Efficient extraction of all sub-polygons generated by self-intersecting features in a MultiPolygon

Asked 19/6, 2017 at 12:48 Answered 21/12, 2017 at 8:54

Starting from a shapefile containing a fairly large number (about 20000) of potentially partially-overlapping polygons, I'd need to extract all the sub-polygons originated by intersecting their different "boundaries".

In practice, starting from some mock-up data:

library(tibble)
library(dplyr)
library(sf)

ncircles <- 9
rmax     <- 120
x_limits <- c(-70,70)
y_limits <- c(-30,30)
set.seed(100) 
xy <- data.frame(
  id = paste0("id_", 1:ncircles), 
  x = runif(ncircles, min(x_limits), max(x_limits)),
  y = runif(ncircles, min(y_limits), max(y_limits))) %>% 
  as_tibble()

polys <- st_as_sf(xy, coords = c(2,3)) %>% 
  st_buffer(runif(ncircles, min = 1, max = 20)) 

plot(polys[1])

I'd need to derive an sf or sp multipolygon containing ALL and ONLY the polygons generated by the intersections, something like:

(note that the colors are there just to exemplify the expected result, in which each "differently colored" area is a separate polygon which doesn't overlay any other polygon)

I know I could work my way out by analyzing one polygon at a time, identifying and saving all its intersections and then "erase" those areas form the full multipolygon and proceed in a cycle, but that is quite slow.

I feel there should be a more efficient solution for this, but I am not able to figure it out, so any help would be appreciated! (Both sf and sp based solutions are welcome)

UPDATE:

In the end, I found out that even going "one polygon at a time" the task is far from simple!
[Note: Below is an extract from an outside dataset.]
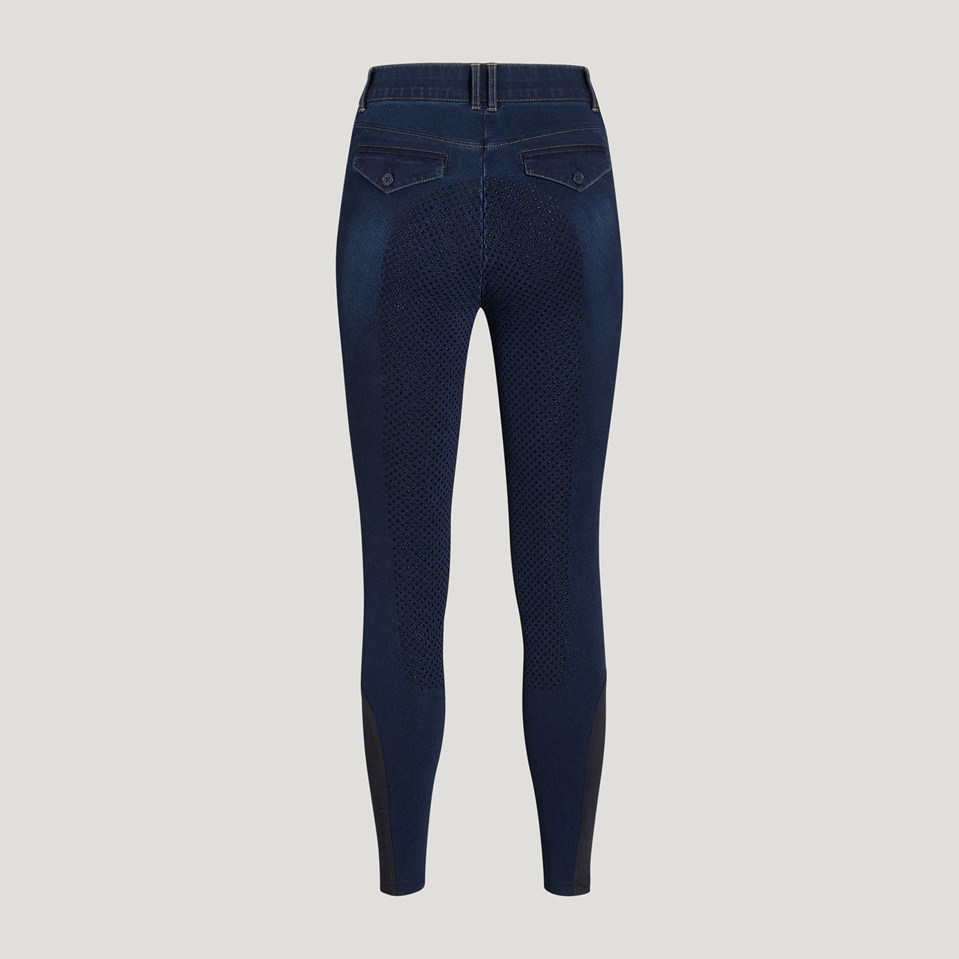 Crafted in a rich dark blue rinse wash, these breeches blend the look of classic jeans with the comfort and performance of technical riding wear.

I'm really struggling on this apparently "easy" problem! Any hints? Even a slow solution or hints for starting on a proper path would be appreciated!

UPDATE 2:

Maybe this will clarify things: the desired functionality would be similar to the one described here:

https://it.mathworks.com/matlabcentral/fileexchange/18173-polygon-intersection?requestedDomain=www.mathworks.com

UPDATE 3:

I awarded the bounty to @shuiping-chen (thanks !), whose answer correctly solved the problem on the example dataset provided. The "method" has however to be generalized to situations were "quadruple" or "n-uple" intersections are possible. I'll try to work on that in the coming days and post a more general solution if I manage !
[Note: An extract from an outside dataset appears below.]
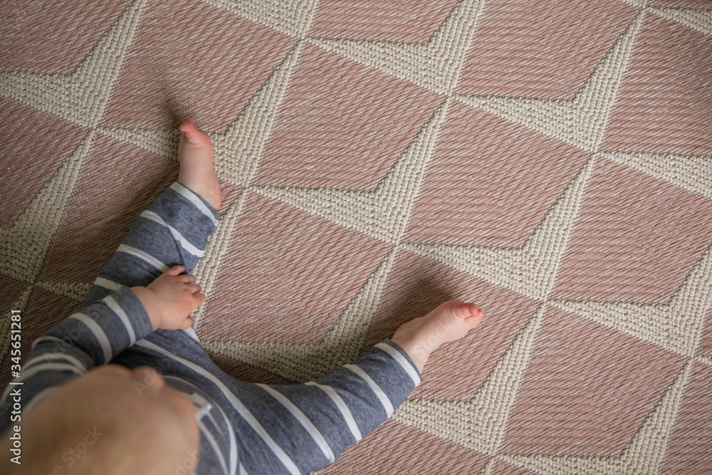A baby in blue clothes sitting on a rug at home shot from overhead

Barroom answered 19/6, 2017 at 12:48 Comment(3)

Are you interested in all the sub polygons or just the one that result from the intersection? (In the example, bottom center 'group', do you want green, blue and olive, or just the blue?) – Lipinski 22/6, 2017 at 12:3

I'm interested in all the subpolygons. However, the "areas" that don't intersect with anything are simple to extract using a sym_difference operator between each polygon and their union. What I0m struggling with are the intersections, and in particular the multiple intersections. – Barroom 22/6, 2017 at 13:10

@LoBu , look into this , i'm also trying around it – Federalist 23/6, 2017 at 11:28

This has now been implemented in R package sf as the default result when st_intersection is called with a single argument (sf or sfc), see https://r-spatial.github.io/sf/reference/geos_binary_ops.html for the examples. (I'm not sure the origins field contains useful indexes; ideally they should point to indexes in x only, right now they kind of self-refer).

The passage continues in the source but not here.